Task to complete> Give again, word for word, every line in the entries below from the line with "名入れボールペン市場のオリジナル商品 メタリックONE ボールペン" up to and including the line with "Burberry's Belted Trench", and no other line.

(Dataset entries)
= = = = =

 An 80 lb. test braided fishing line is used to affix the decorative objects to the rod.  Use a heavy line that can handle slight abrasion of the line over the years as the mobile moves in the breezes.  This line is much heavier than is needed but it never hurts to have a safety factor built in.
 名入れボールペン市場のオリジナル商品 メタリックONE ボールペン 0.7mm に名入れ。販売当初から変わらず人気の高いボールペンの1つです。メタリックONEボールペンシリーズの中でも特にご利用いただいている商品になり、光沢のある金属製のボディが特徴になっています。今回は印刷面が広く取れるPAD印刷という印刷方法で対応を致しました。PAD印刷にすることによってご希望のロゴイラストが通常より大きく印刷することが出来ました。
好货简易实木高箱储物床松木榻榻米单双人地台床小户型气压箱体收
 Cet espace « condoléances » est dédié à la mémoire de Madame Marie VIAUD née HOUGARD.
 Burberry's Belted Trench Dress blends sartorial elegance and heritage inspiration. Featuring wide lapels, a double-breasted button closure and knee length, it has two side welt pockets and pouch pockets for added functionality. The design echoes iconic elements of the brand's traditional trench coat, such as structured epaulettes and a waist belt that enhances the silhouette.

= = = = =

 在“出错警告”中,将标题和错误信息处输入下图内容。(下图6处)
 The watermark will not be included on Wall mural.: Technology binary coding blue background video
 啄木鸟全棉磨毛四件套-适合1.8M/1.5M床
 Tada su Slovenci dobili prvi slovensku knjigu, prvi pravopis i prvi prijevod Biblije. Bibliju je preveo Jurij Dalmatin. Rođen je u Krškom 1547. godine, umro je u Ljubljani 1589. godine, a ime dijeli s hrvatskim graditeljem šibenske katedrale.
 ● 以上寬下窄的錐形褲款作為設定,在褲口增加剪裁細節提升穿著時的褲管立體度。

= = = = =

The answer>
 名入れボールペン市場のオリジナル商品 メタリックONE ボールペン 0.7mm に名入れ。販売当初から変わらず人気の高いボールペンの1つです。メタリックONEボールペンシリーズの中でも特にご利用いただいている商品になり、光沢のある金属製のボディが特徴になっています。今回は印刷面が広く取れるPAD印刷という印刷方法で対応を致しました。PAD印刷にすることによってご希望のロゴイラストが通常より大きく印刷することが出来ました。
好货简易实木高箱储物床松木榻榻米单双人地台床小户型气压箱体收
 Cet espace « condoléances » est dédié à la mémoire de Madame Marie VIAUD née HOUGARD.
 Burberry's Belted Trench Dress blends sartorial elegance and heritage inspiration. Featuring wide lapels, a double-breasted button closure and knee length, it has two side welt pockets and pouch pockets for added functionality. The design echoes iconic elements of the brand's traditional trench coat, such as structured epaulettes and a waist belt that enhances the silhouette.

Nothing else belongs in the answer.